- Flag of Wisconsin
- Active: May 11, 1898 – January 15, 1899
- Country: United States
- Branch: Infantry
- Size: Regiment
- Engagements: Spanish–American War Puerto Rico campaign;

Commanders
- Colonel: Martin T. Moore

= 3rd Wisconsin Infantry Regiment (1898) =

U.S. Volunteer infantry regiment

The 3rd Wisconsin Infantry Regiment, reconstituted in 1898, was as an infantry regiment that served in the United States Army during the Spanish–American War. The regiment served in the Puerto Rico campaign.

==Service==
The 3rd Wisconsin Infantry was mustered into service on May 11, 1898, at Camp Harvey in Milwaukee, Wisconsin, with a strength of 50 officers and 975 enlisted men.
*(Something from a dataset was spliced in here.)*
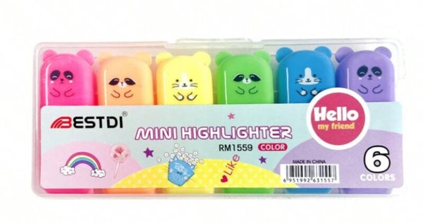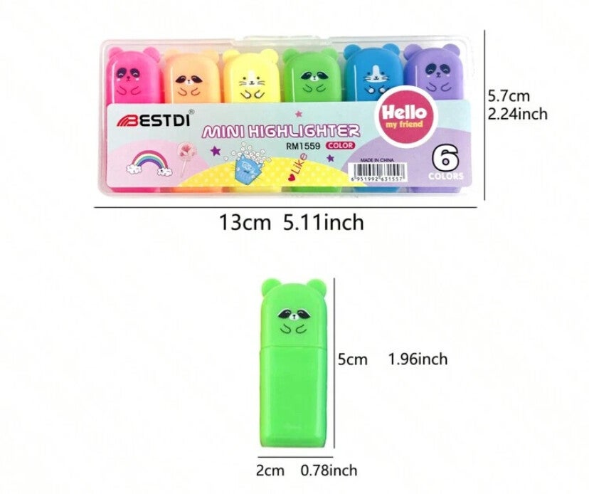 6 stuks kleurrijke schattige panda markeerstiften

They proceeded to Camp Thomas, near the old Chickamauga battlefield in Tennessee, to prepare for battle in the Caribbean. In June, they were sent to South Carolina to prepare for the invasion of Cuba, but were delayed due to logistical problems and missed the Cuba campaign. Instead, in July 1898, they joined the Puerto Rico campaign. They occupied the cities of Ponce and Coamo, and engaged in skirmishing in that area until the cessation of hostilities in August. During one skirmish, the regiment was fired on by Spanish artillery and suffered two killed.

The 3rd Wisconsin Infantry returned to Wisconsin in October and was mustered out of service on January 15, 1899. At the time of mustering out, the unit consisted of 49 officers and 1,196 enlisted men.

==Casualties==
The 3rd Wisconsin suffered 2 enlisted men killed in action and 31 enlisted men and 1 officer who died of disease. 26 additional men were discharged for disability or other causes, and 1 man deserted.

==Commanders==
- Colonel Martin T. Moore

==Notable people==
- Frank H. Fowler was 2nd lieutenant in Co. M. Later he served as a lieutenant colonel in World War I, and became a Wisconsin state legislator.